The remaining 75 subsystems have 1-3 probes each — the long-tail legacy infrastructure (rapidio, ipack, hsi, parport, sbus, ps3, ssb, bcma, isdn, etc.) where deprecation candidates concentrate.

Diminishing returns past rank 500

The deprecate count between top-500 and top-1000 was unchanged at 42. The model found exactly 3 new remove verdicts in ranks 504-858 (caif, hamradio, isdn/mISDN). Signal density is concentrated in the top ~500.

This is the empirical justification for the top-1000 cutoff. Going to top-2000 would burn ~$140 more for at most a few additional deprecates.

Confidence-vs-verdict shape

Among the 9 remove dossiers:

  • 5 have confidence ≥ 0.90, all backed by lore patches
  • 3 have confidence in 0.83-0.89, backed by mixed lore + web evidence
  • 1 has confidence 0.78 (the weakest remove — the model ranked the older mISDN modular driver alongside the stronger isdn/hardware/mISDN evidence)

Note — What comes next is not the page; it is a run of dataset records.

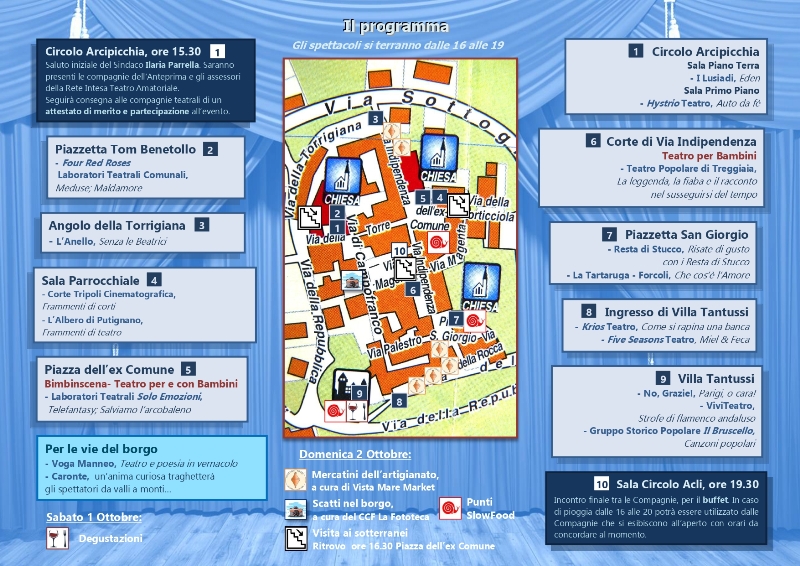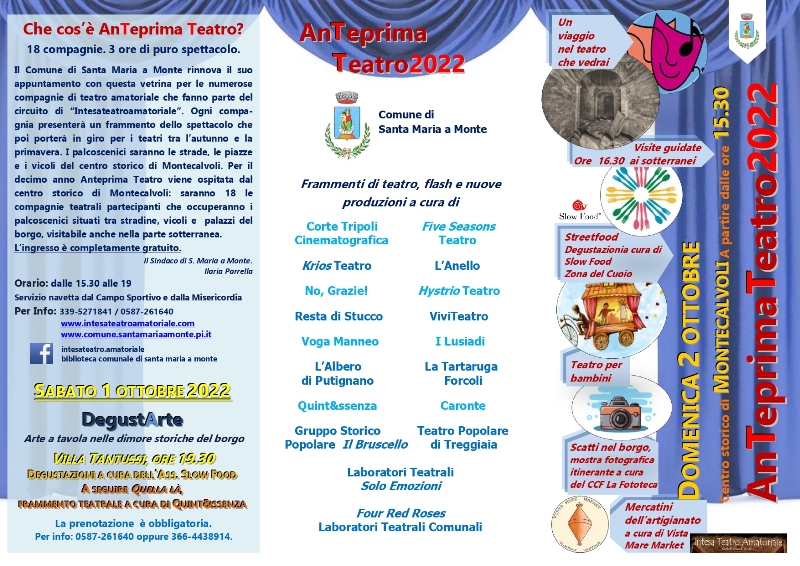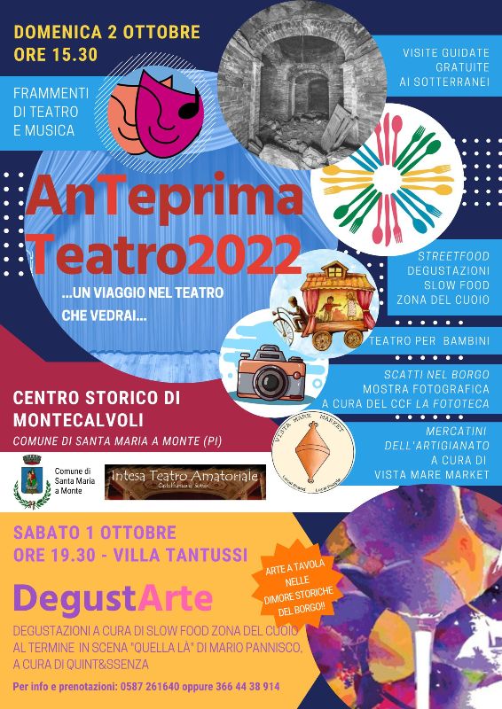 Domenica 2 ottobre 2022 si svolgerà nel centro storico di Montecalvoli Alto, nel comune di Santa Maria a Monte, la rassegna "Anteprima Teatro", che vedrà impegnate le compagnie di teatro amatoriale che partecipano al progetto "Intesateatro".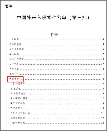 图源:生态环境部《关于发布中国外来入侵物种名单(第三批)的公告》附件:中国外来入侵物种名单(第三批)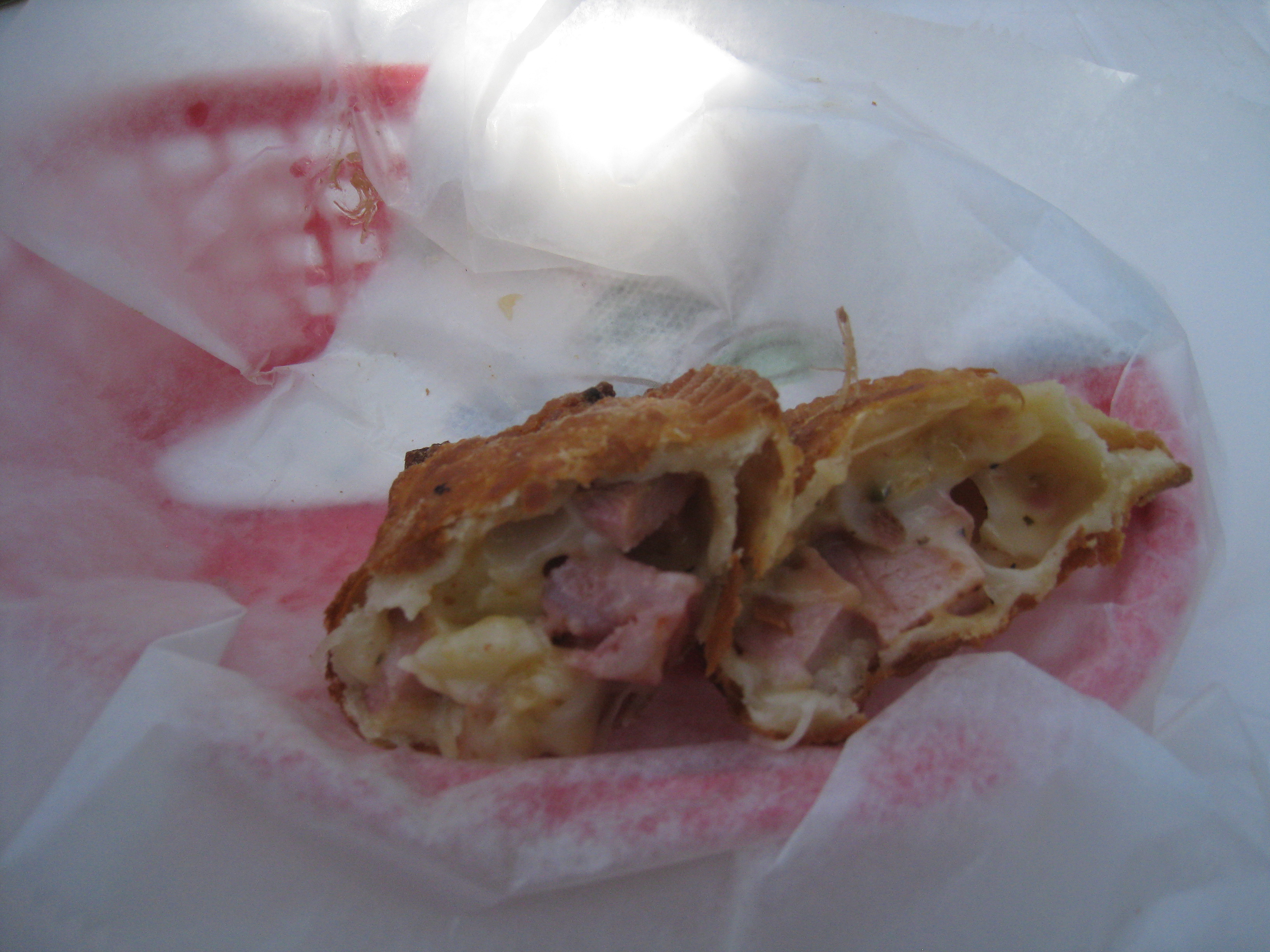 XFE, of course, ordered the pork carnitas ($6), which came two to an order and included tomato, lettuce and a sour cream sauce. I ordered the Bob Marley ($9), a jerk chicken sandwich with pineapple chutney. We also ordered a ham and cheese empanada ($3) to share. I ordered a guava sun tea ($1.50). They also had a huge selection of exotic sounding and colorfully labeled island sodas, including a coconut soda, but despite my pleas, XFE ordered only water.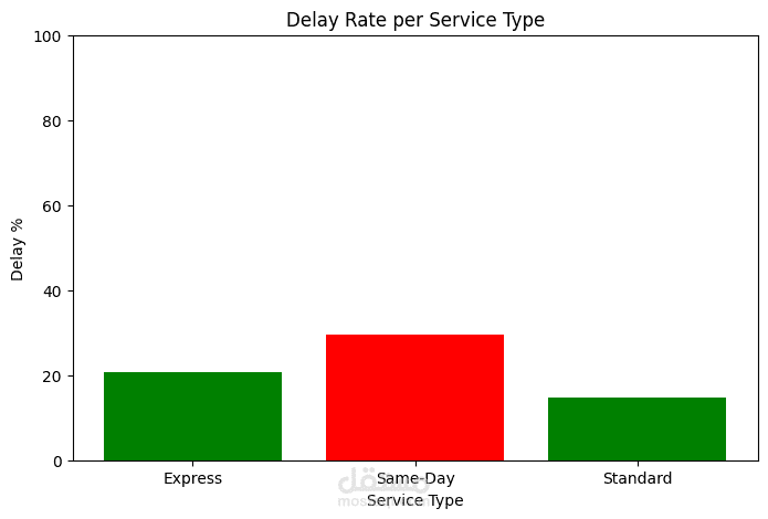 مشروع تحليل بيانات شركة شحن بهدف تقييم وتحسين كفاءة خدمة التوصيل في نفس اليوم (Same-Day Delivery).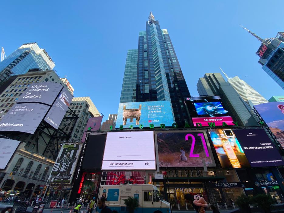 在2020年國慶中秋期間,上海博物館形象海報現身紐約時代廣場大屏,進行為期一周的公益推廣。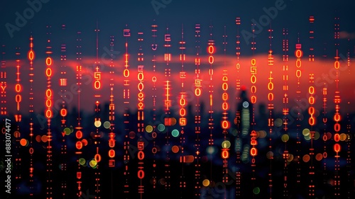 Abstract digital binary code matrix pattern overlaying cityscape at sunset, representing technology and big data concepts.

Among the 43 deprecate dossiers:

  • 15 have confidence ≥ 0.80, the strongest tier
  • 22 are in 0.70-0.80
  • 6 are in 0.60-0.70 (the model is hedging — the dossier explicitly says “deployment is plausible in $niche but evidence is thin”)

Among keep-annotate:

  • median confidence ~0.78
  • the 401 in this bucket are mostly “old hardware, plausible niche use, no active maintenance, but no strong removal case either”

Independent cross-checks

Five high-leverage verdicts spot-verified by hand:

driververdictconfmanual check
net/ethernet/qlogicdeprecate0.82confirmed: dir root is qla3xxx.c (legacy 2006); active qed/qede are own leaves at lower scores
net/ethernet/ibm/eheadeprecate0.82confirmed: dossier names ibmveth as replacement; IBM Power11 docs cited explicitly say HEA unsupported
misc/c2portdeprecate0.66confirmed: appropriately hedged — Silicon Labs still documents C2 protocol, model flagged niche-use risk
net/ethernet/fujitsuremove0.95confirmed via lore MCP: real Andrew Lunn patch series, 1213 lines deleted, dated 2026-04-22
net/ethernet/packetenginesremove0.95confirmed via lore MCP: real Xidian student patch series, 2026-04-22

Zero of five verdicts were overturned. Caveat: spot-checks are not random sampling. The actionable subset (51 drivers) is small enough to be auditable individually before any disclosure.

Re-run reproducibility

The pipeline is reproducible-ish:

  • Phase 1 (no LLM) is bit-identical given the same kernel SHA, ref, and since date.
  • Phase 2 (LLM) is approximately reproducible — re-running the same prompt with the same model and effort produces verdicts that match in ~95% of cases (rough estimate from spot-checks). Source URLs cited can vary from run to run; the verdict and confidence track closely.

Each meta.json records the model + reasoning effort + kernel SHA used, so corpora built across multiple model versions can be audited.